Publication Abstract from PubMed
Foot-and-mouth disease virus (FMDV) is an RNA virus belonging to the Picornaviridae family that contains three small viral proteins (VPgs), named VPg1, VPg2 and VPg3, linked to the 5'-end of the viral genome. These VPg proteins act as primers for RNA replication, which is initiated by the consecutive binding of two UMP molecules to the hydroxyl group of Tyr3 in VPg. This process, termed uridylylation, is catalyzed by the viral RNA-dependent RNA polymerase named 3D(pol). 5-Fluorouridine triphosphate (FUTP) is a potent competitive inhibitor of VPg uridylylation. Peptide analysis showed FUMP covalently linked to the Tyr3 of VPg. This fluorouridylylation prevents further incorporation of the second UMP residue. The molecular basis of how the incorporated FUMP blocks the incorporation of the second UMP is still unknown. To investigate the mechanism of inhibition of VPg uridylylation by FUMP, we have prepared a simplified 15-mer model of VPg1 containing FUMP and studied its x-ray crystal structure in complex with 3D(pol). Unfortunately, the fluorouridylylated VPg1 was disordered and not visible in the electron density maps; however, the structure of 3D(pol) in the presence of VPg1-FUMP showed an 8 A movement of the beta9-alpha11 loop of the polymerase towards the active site cavity relative to the complex of 3D(pol) with VPg1-UMP. The conformational rearrangement of this loop preceding the 3D(pol) B motif seems to block the access of the template nucleotide to the catalytic cavity. This result may be useful in the design of new antivirals against not only FMDV but also other picornaviruses, since all members of this family require the uridylylation of their VPg proteins to initiate the viral RNA synthesis.

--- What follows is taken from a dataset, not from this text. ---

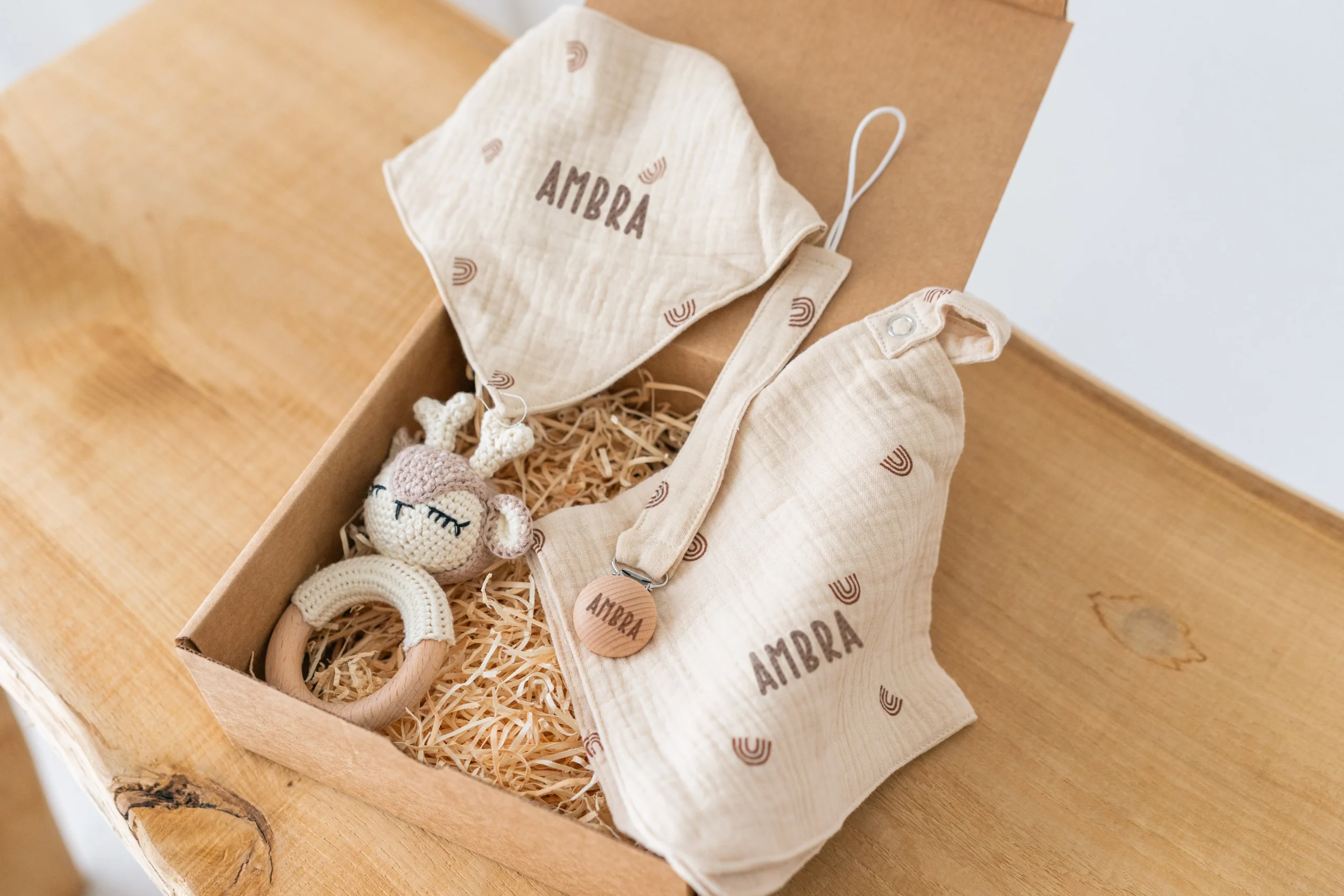 Bellisimo set di 4 articoli personalizzato a ricamo e con incisione. Idea regalo nascita originale e sempre apprezzata dalle mamme.

(F)uridylylated Peptides Linked to VPg1 of Foot-and- Mouth Disease Virus (FMDV): Design, Synthesis and X-Ray Crystallography of the Complexes with FMDV RNA-Dependent RNA Polymerase.,de Castro S, Ferrer-Orta C, Mills A, Fernandez-Cureses G, Gago F, Verdaguer N, Camarasa MJ Molecules. 2019 Jun 26;24(13). pii: molecules24132360. doi:, 10.3390/molecules24132360. PMID:31247979[1]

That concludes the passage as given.